21.7.04

Querer, desejar... e de novo os falcões antigos


"de querer não nos é dado mais que o crermos querer"
Goldmundo


Queria falar de tantas coisas, lendo coisas que aqui me deixam; e queria saber falar delas como o mundo me soube sempre falar cá dentro, mesmo quando cá dentro não havia ninguém a escutar. Sempre quis tanta coisa. E perguntou-me o Ebola (a quem já prometi falar do bem, do mal, e dos caminhos que nos conduzem a eles) se não deveria estar, ali na frase que ali em cima está agora, "que o querermos crer". Queria falar de tantas coisas. Queria dizer que não é querer aquilo que geralmente queremos.

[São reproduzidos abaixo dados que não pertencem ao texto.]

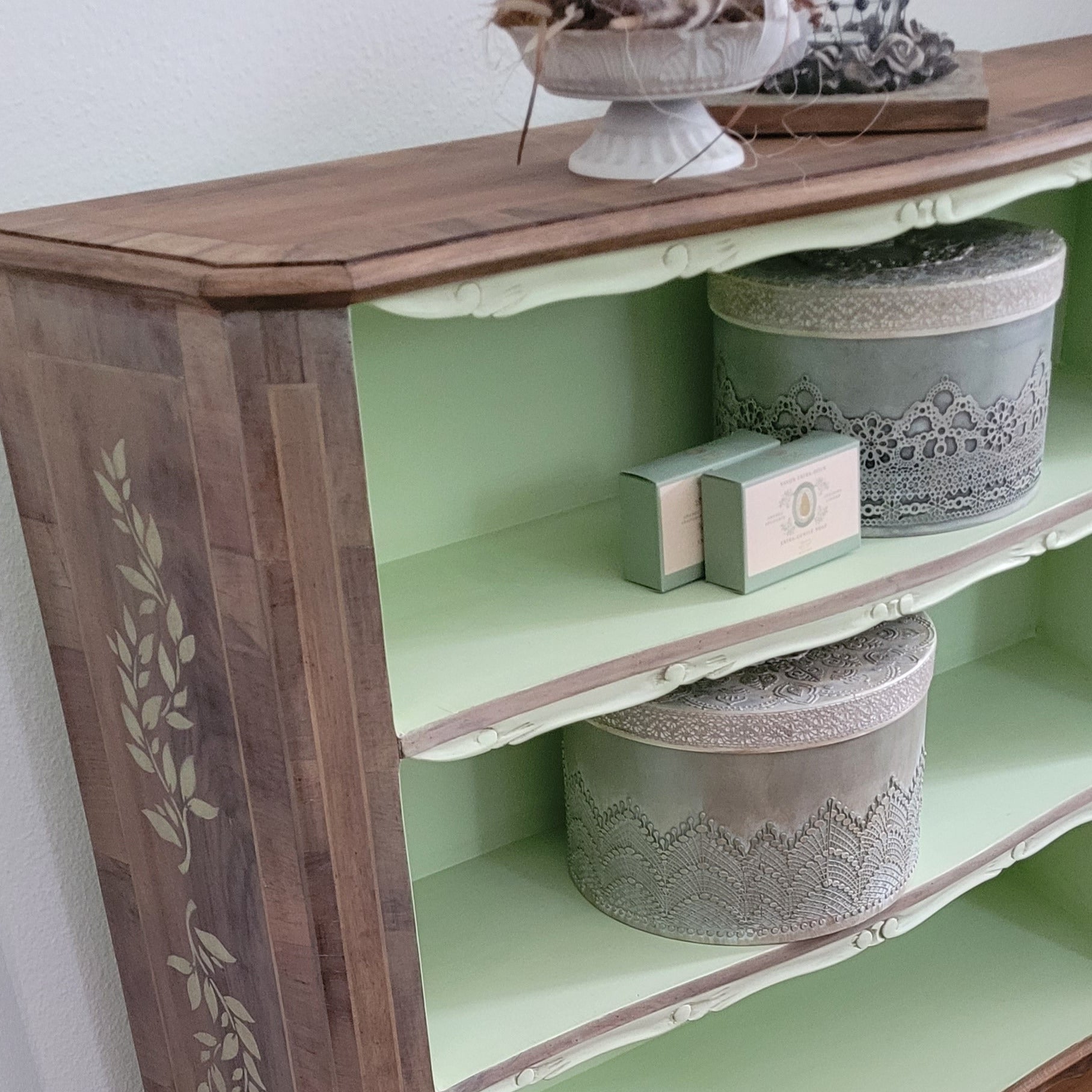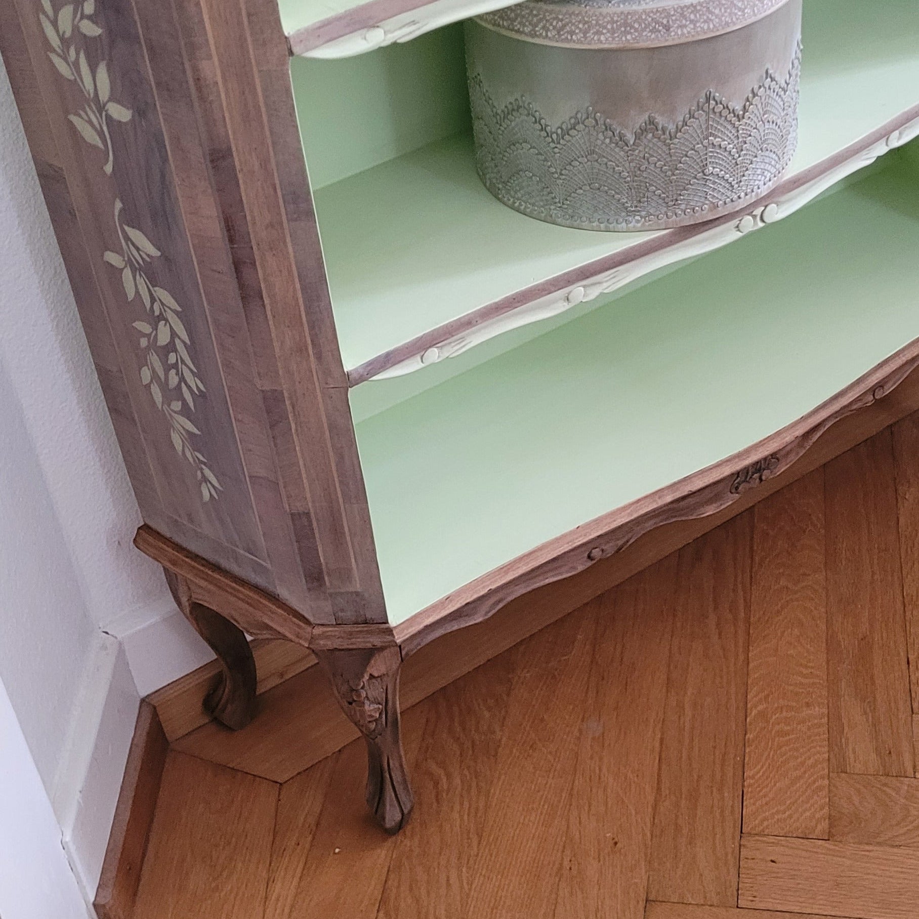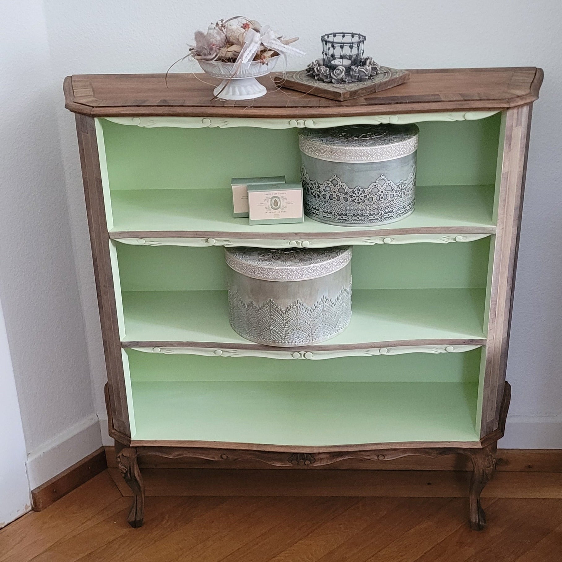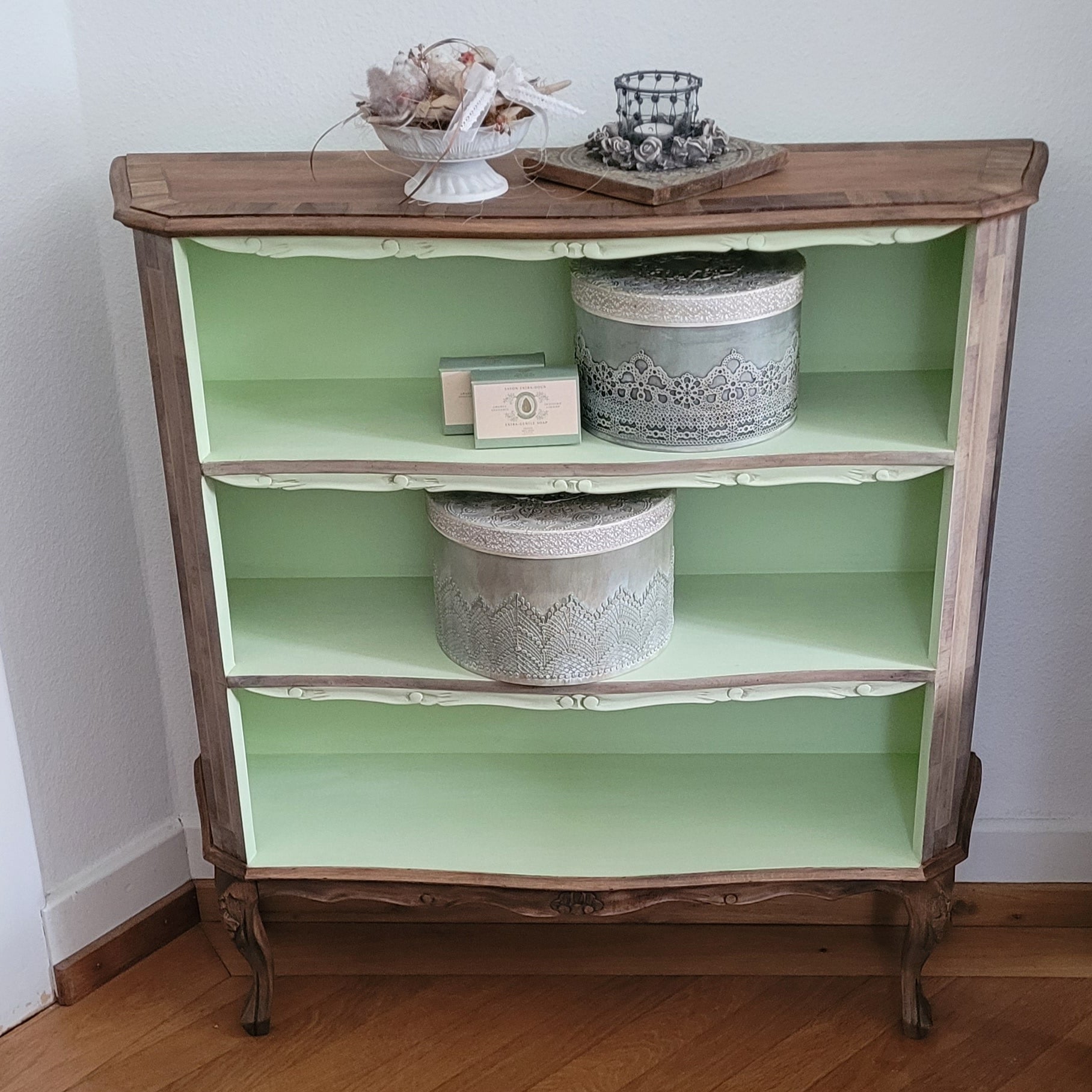 Ein wunderschönes, altes Möbel. Innen gestrichen in "Lime Pulp", Holz abgeschliffen, gewachst mit "Jacobean" und mit Hartwachsöl transparent, alles von Cottage Colours, behandelt.
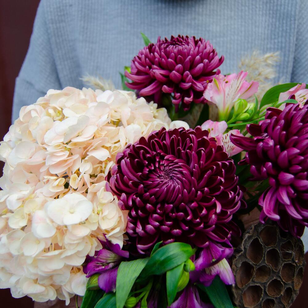 Хризантема – 3 шт. Гортензия – 1 шт. Лотос – 1 шт. Альстромерия – 3 шт. мискантус – 1 шт.
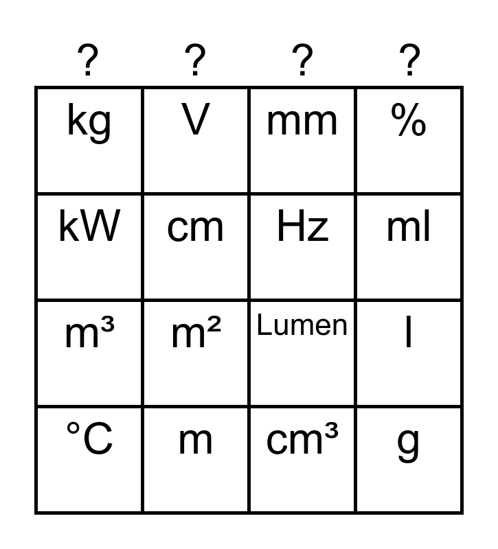 This bingo card has 16 words: m, l, mm, kg, m³, V, Lumen, cm³, kW, cm, °C, %, m², ml, Hz and g.
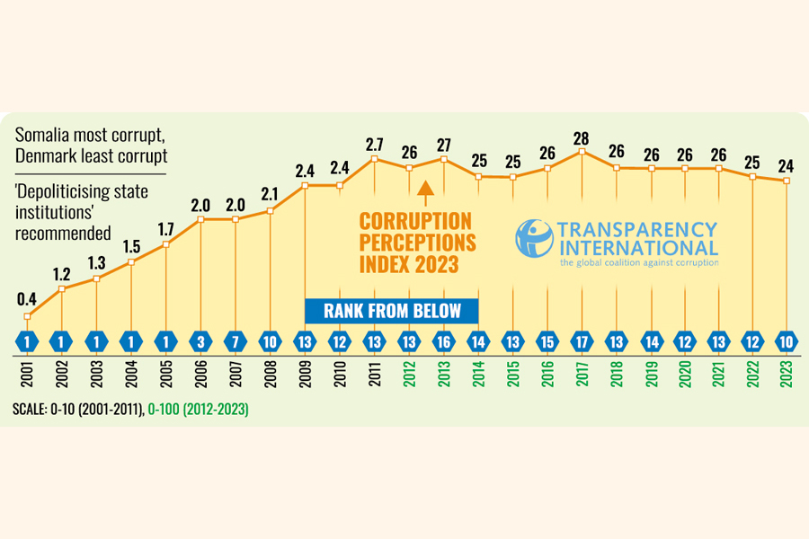 Transparency International Bangladesh (TIB)-the country chapter of the Berlin-Based anti-graft watchdog-revealed this relapse at a press conference at its office in Dhaka on Tuesday, noting that the country's score declined from 26 to 24 out of 100.
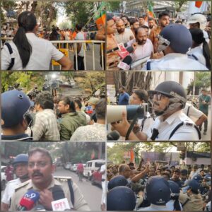 কলকাতা, নিজস্ব সংবাদদাতা:- .কলকাতায় ইলেকশন কমিশনের দফতরের বাইরে তৃণমূল কংগ্রেস ও বিজেপি কর্মী-সমর্থকদের মধ্যে তীব্র উত্তেজনা ও ধস্তাধস্তির ঘটনা ঘটল। ঘটনাকে কেন্দ্র করে এলাকায় চাঞ্চল্য ছড়িয়ে পড়ে।
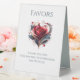 Enhance your wedding reception decor with this modern and elegant Tabletop Favours Sign, featuring a Modern Heart Shaped Rose. This beautifully designed sign seamlessly blends with your theme, adding a touch of elegance to your table. Explore the Collection for a beautifully modern-themed wedding.
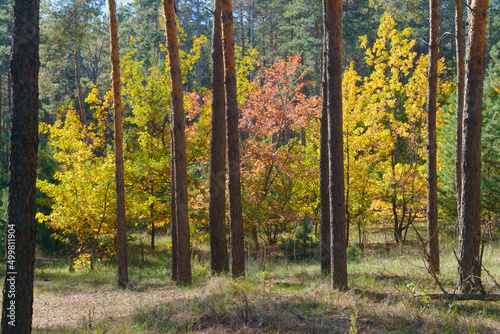Obraz premium Autumn mixed forest at Tsarychanka forestry, Dnepropetrovsk Area, Ukraine.
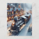Cartão postal de Natal personalizado com ilustração de IA de um trem vintage viajando por uma vila nevada em um dia de inverno.
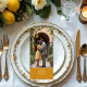 Designed especially for wedding seating table cards, this design is ideal for indicating guest seating in a clear, stylish, and visually coordinated way. Its ornamental and decorative style integrates seamlessly into the overall wedding décor, making it a perfect choice for outdoor weddings, summer celebrations, or events where refined visual details play a central role.
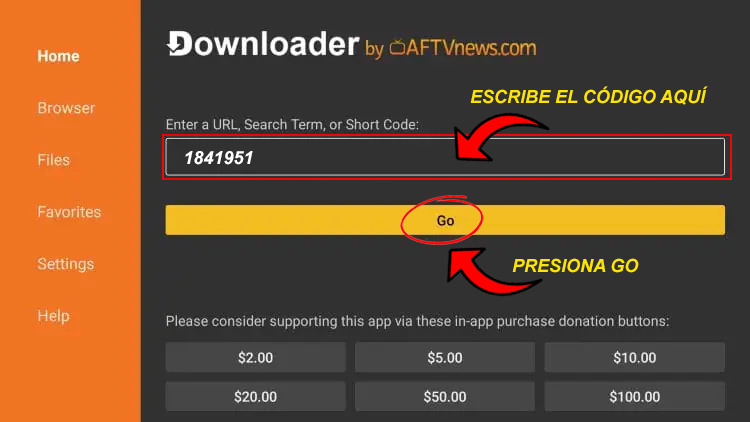 Abre la aplicación Downloader y en la barra principal escribe uno de estos:
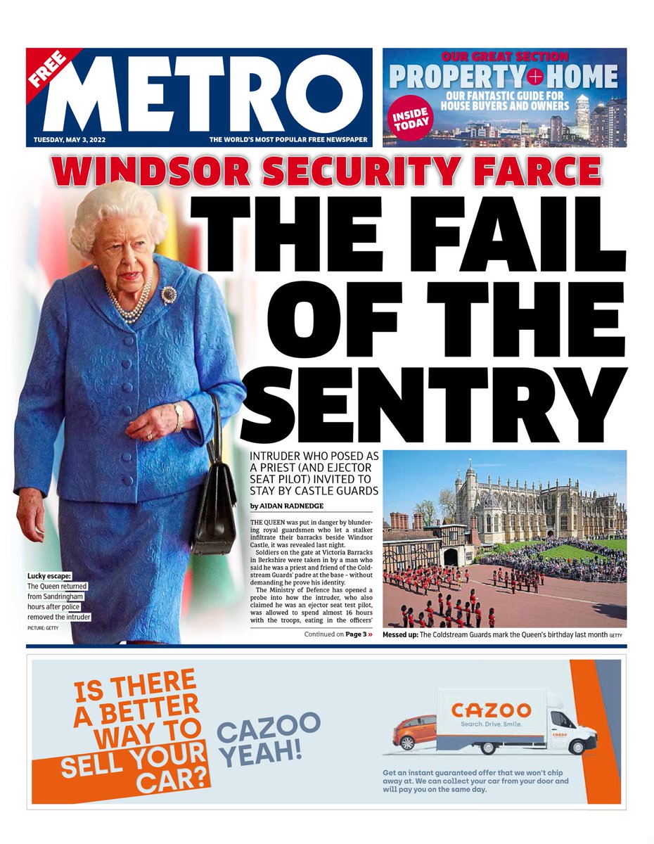 “Blundering royal guardsman” let a stalker into Windsor Castle, according to the Metro.

Querer não é desejar, nem desejar com muita força. Querer não é fechar os olhos e suster a respiração até ficar com a cara roxa, como quando as crianças dizem eu vou ser capaz de voar, olha para mim. Deixem-me contar uma história, que é contada nos livros sagrados indianos:
 
Havia três príncipes irmãos, e havia um velho que talvez fosse feiticeiro e que vinha ensinar-lhes as artes da guerra. Vinha saber também (mas creio que isso não lhes disse ele) qual dos príncipes seria mais capaz de um dia cingir a coroa.
 
O velho ensinou-lhes a nobre arte do tiro com arco, e como primeiro alvo deixou-lhes, a muitos passos de distância, um falcão embalsamado. E disse-lhes, eu quero que cravem a vossa flecha no olho daquele falcão.
 
E disse então ao primeiro irmão, aponta o teu arco, e ele assim fez. O que vês?, disse o velho. Vejo um pau, e na ponta do pau um pássaro embalsamado. Dispara, disse o velho. E a flecha passou ao lado.
 
E disse o velho ao segundo irmão a mesma coisa. O que vês? Vejo, disse o segundo irmão, o alvo que me apontaste. Dispara então, disse o velho. E a flecha não chegou tão longe.
 
E falou então o velho ao irmão mais novo. O que vês? Vejo - disse o mais novo, como se falasse consigo mesmo - o olhar do falcão. O velho não disse mais nada. E a flecha partiu.
 
Não se trata de pontaria. Só um dos irmãos quis o arco, e o alvo.  Só ele quis.